**Supplied records**
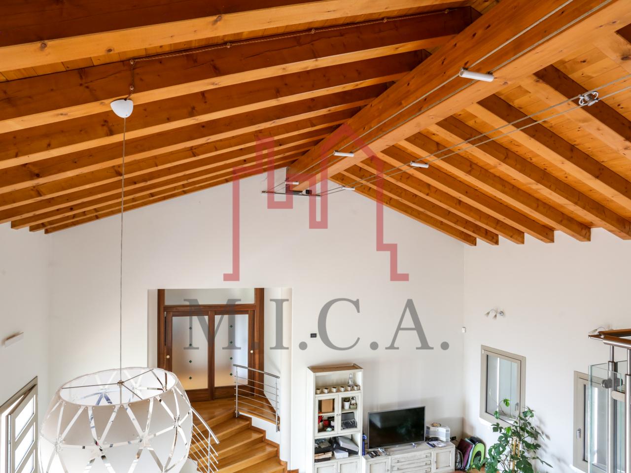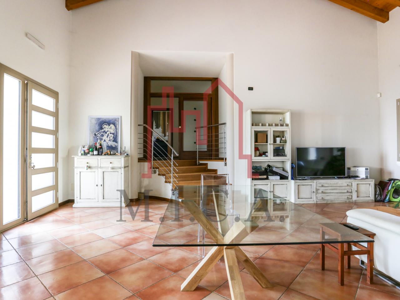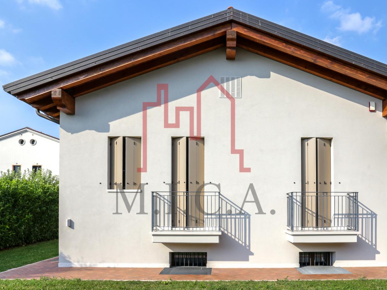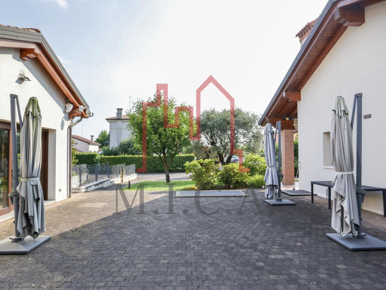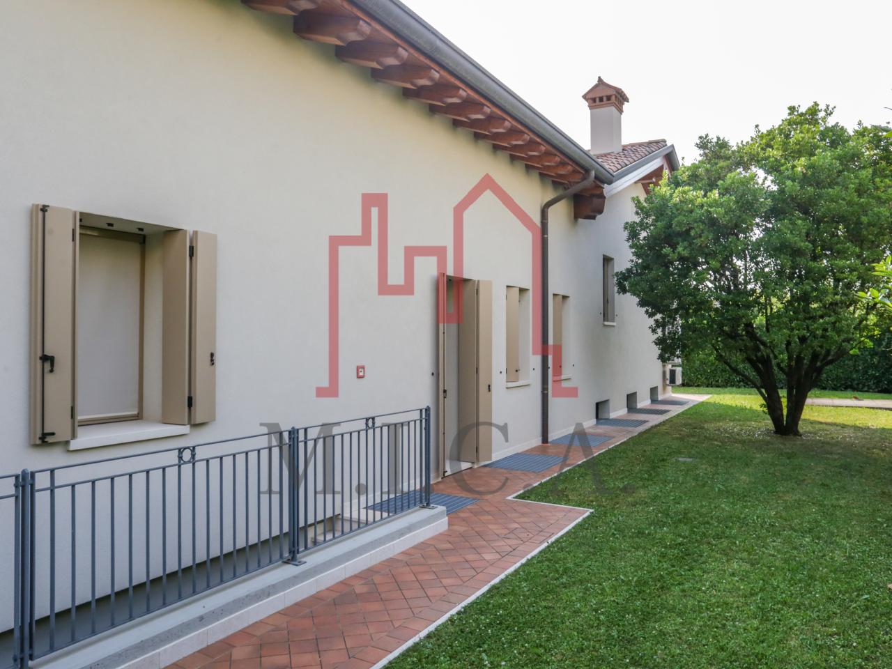 Vendesi elegante villa singola con ampio giardino e dependance. In zona residenziale tranquilla, la villa con rifiniture signorili è così composta: - zona giorno: bellissimo openspace con scala a chiocciola per l'accesso al sottotetto travato a vista, ampia cucina abitabile, lavanderia e comodo portico; - zona notte: tre camere da letto e due bagni; - zona interrata: taverna, studio, cantina e bagno; - dependance con camino e portico; - garage con 6 posti auto. Cappotto esterno e impianto fotovoltaico con ricarica veicoli elettrici. Riferimento: 01MT
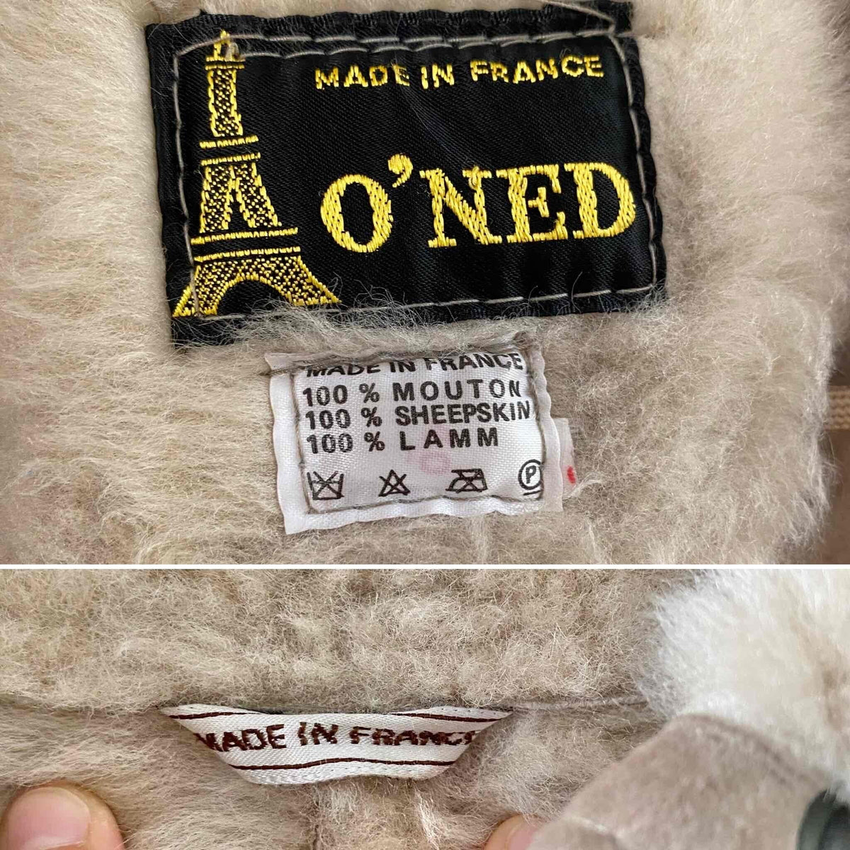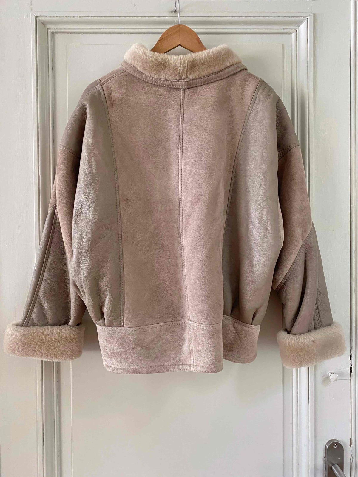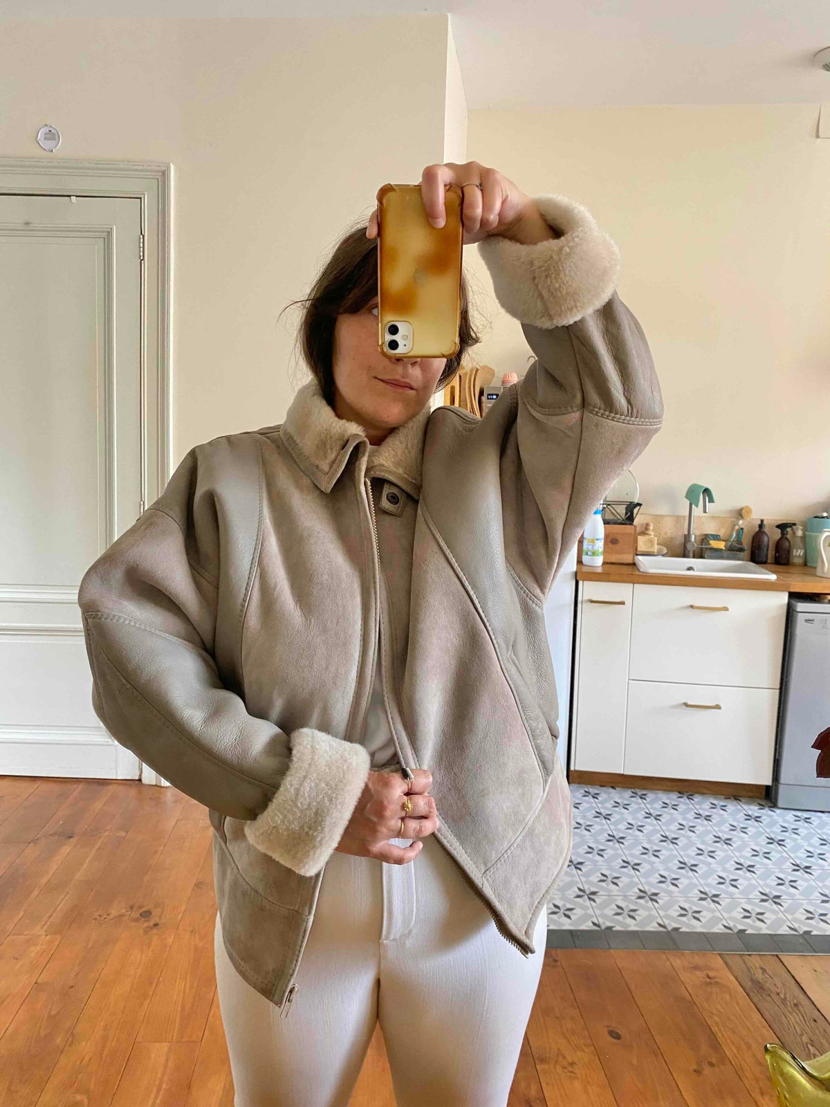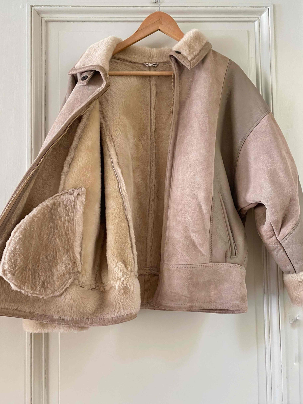 Prix unitaire parBombardier peau lainée en mouton retourné extérieur cuir et daim en patch beige grisé taupe, intérieur mouton beige, forme blouson, manches chauve-souris, fermeture éclaire, fabriqué en France, taille 38 porté ici serré sur une personne T40.
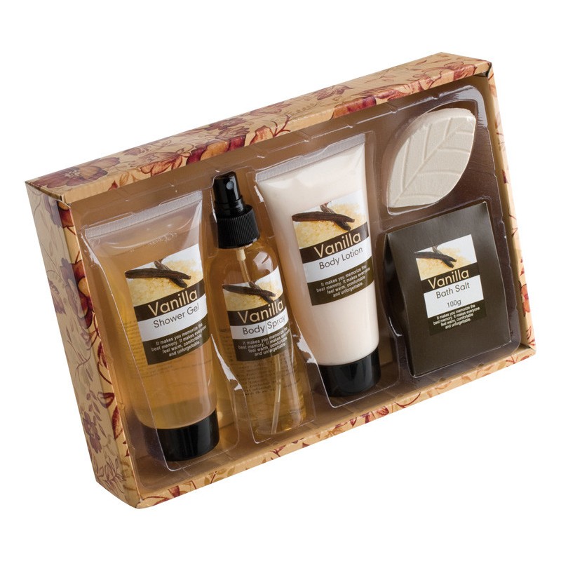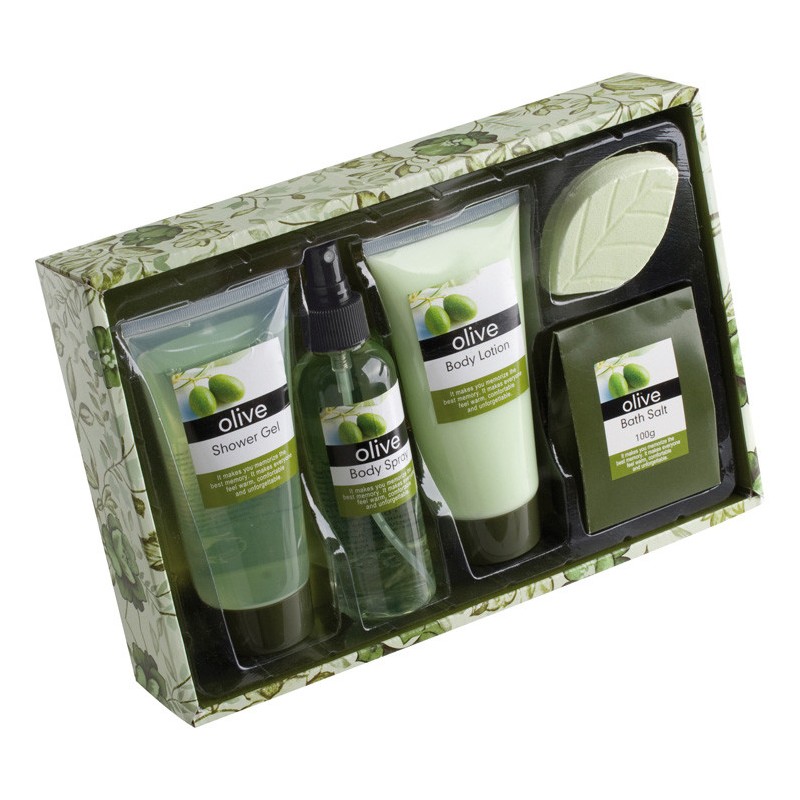 Cada uno a su gusto. Elija entre la papaya exótica, suave aceite de oliva, y vainilla suave. El juego incluye el gel de ducha, el spray corporal, la loción para el cuerpo y la sal de baño en pastilla y caja.
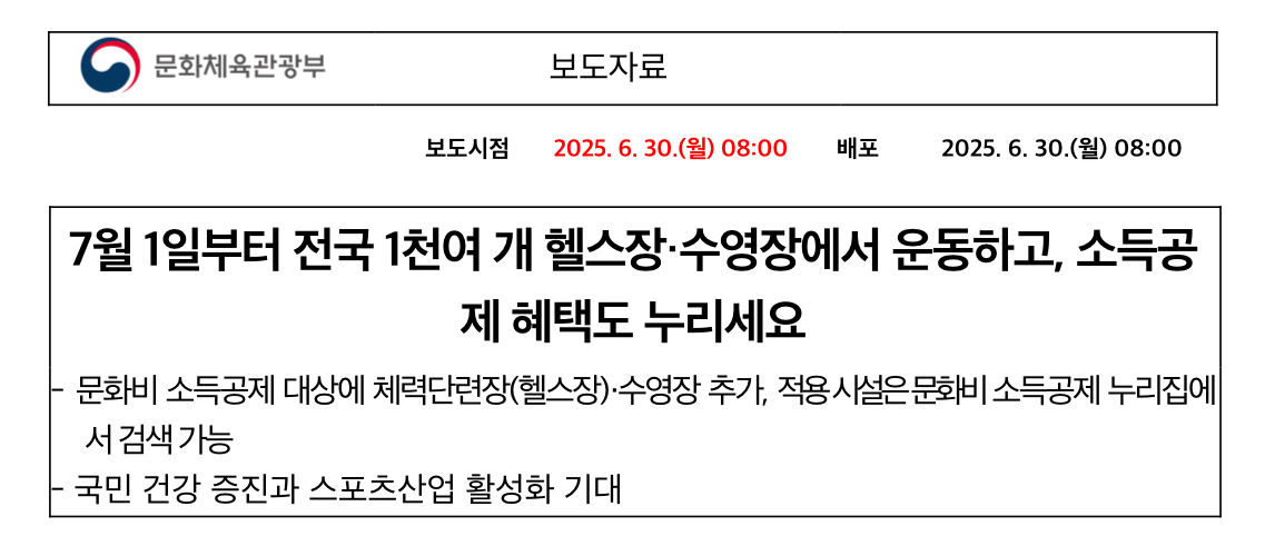 문화체육관광부는 한국문화정보원(원장 정운현)과 함께 2025년 7월 1일부터 전국 1천여 개 헬스장·수영장 시설이용료에 대해 소득공제를 받을 수 있게 된다고 밝혔습니다.
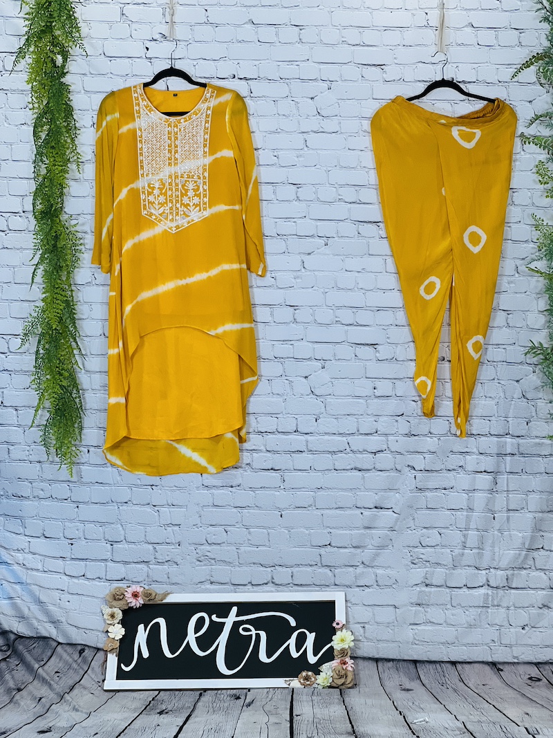 Embroidered Laheriya print Kurta Top and Dhoti suit Available Size 38
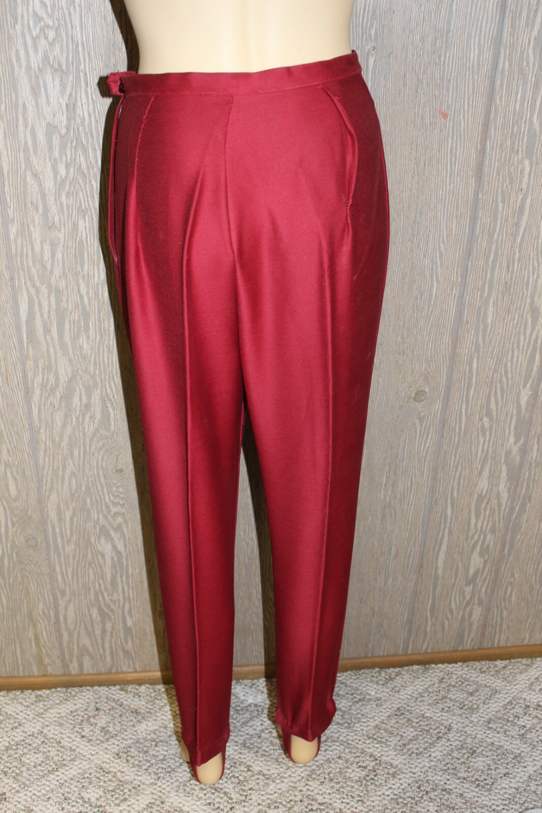 как выглядит Vtg 50s STRETCH MOD BURGUNDY Red Stirrup Pants Capri Side Zip High 26" Waist XS фото
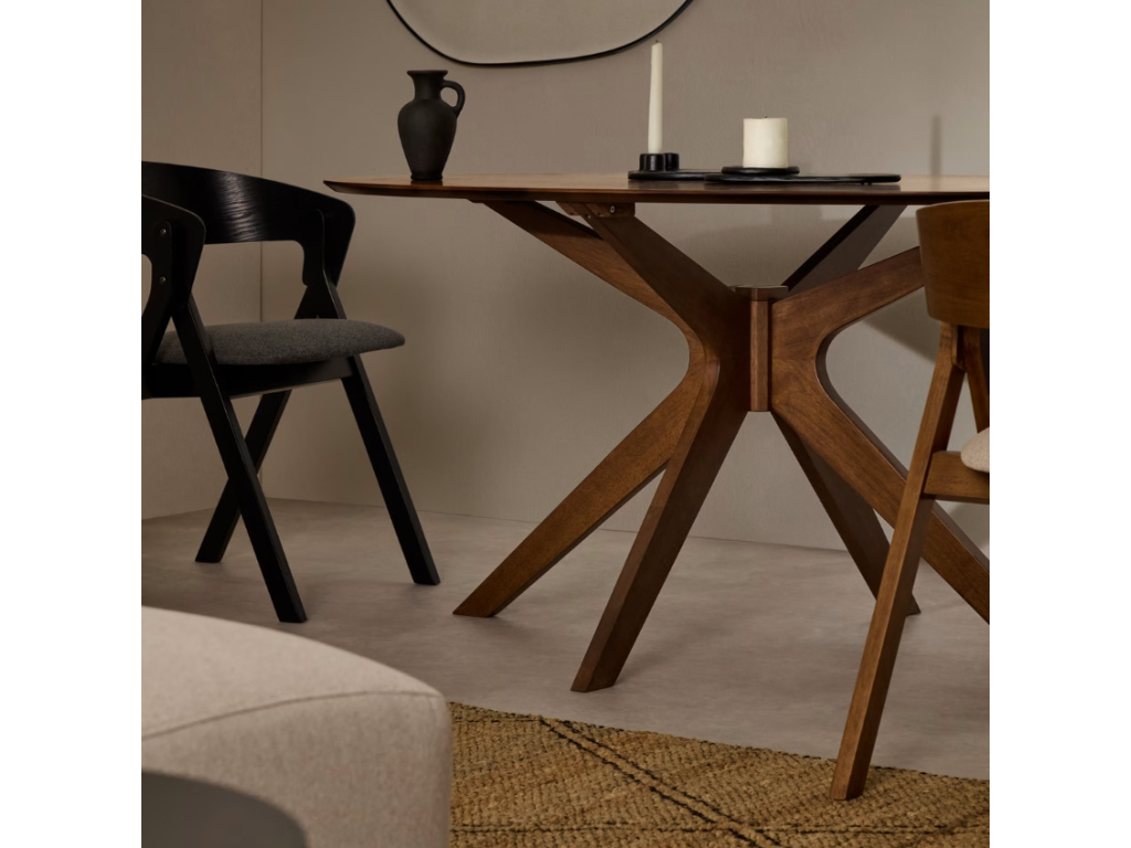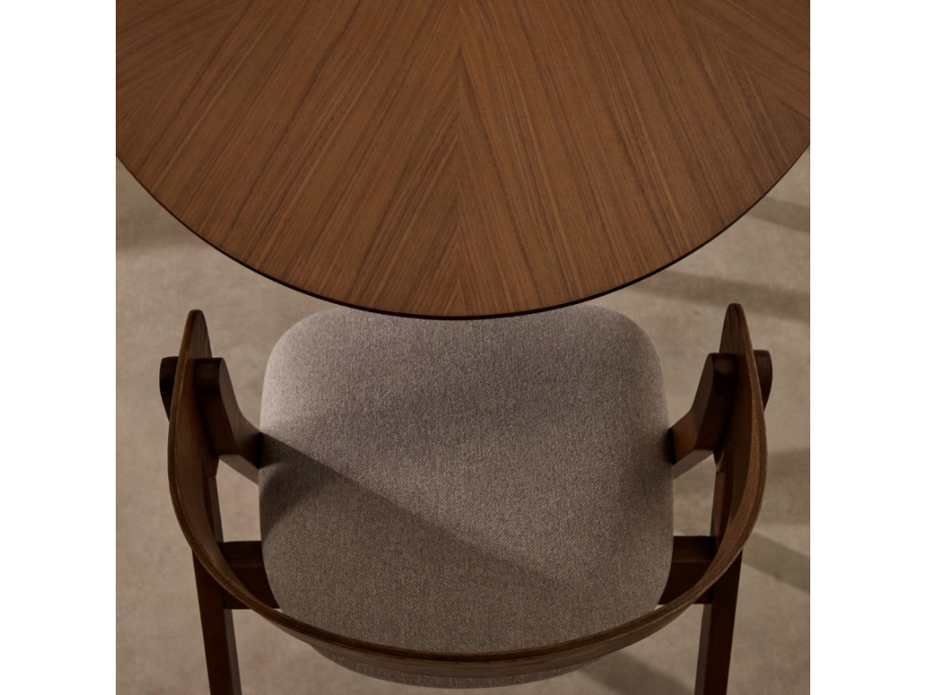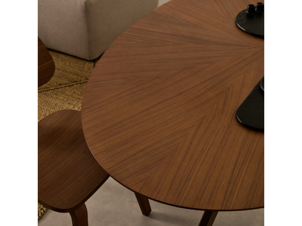 Jídelní stůl Naanim je dokonalým představitelem sofistikovaného designu. Oválná deska stolu z ořechové dýhy vnáší do interiéru hřejivý a přirozený vzhled, zatímco originálně tvarovaná podnož z masivního kaučukovníku s ořechovým dekorem zajišťují stabilitu a nadčasovou eleganci. Díky nastavitelné podnoži se stůl snadno přizpůsobí i nerovným podlahám, takže vždy poskytuje pevnou a vyrovnanou plochu. Jeho oválný tvar a chytré umístění podnože z něj činí ideální volbu pro menší nebo protáhlé prostory, kde nabízí maximální využití prostoru bez kompromisů na pohodlí či estetice. Stůl Naanim zaujme strukturou použité dýhy, která vytváří exkluzivní kresbu ve tvaru hvězdy – tento unikátní detail mu dodává osobitý charakter.
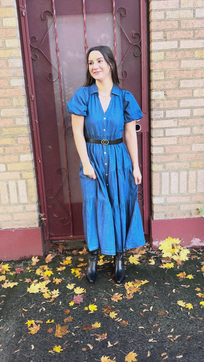 A tiered ruffle skirt brings flouncy movement to this denim maxi updated with puff sleeves for volume and charm.
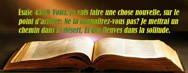 Esaie 43:19 dit: : « Voici, Je vais faire une chose nouvelle chose,

**Exercise instructions**
Skip all pictures. Copy exactly the lines from the one containing "A tiered ruffle" through the end of the records, both ends included.

**Exercise response**
 A tiered ruffle skirt brings flouncy movement to this denim maxi updated with puff sleeves for volume and charm.
 Esaie 43:19 dit: : « Voici, Je vais faire une chose nouvelle chose,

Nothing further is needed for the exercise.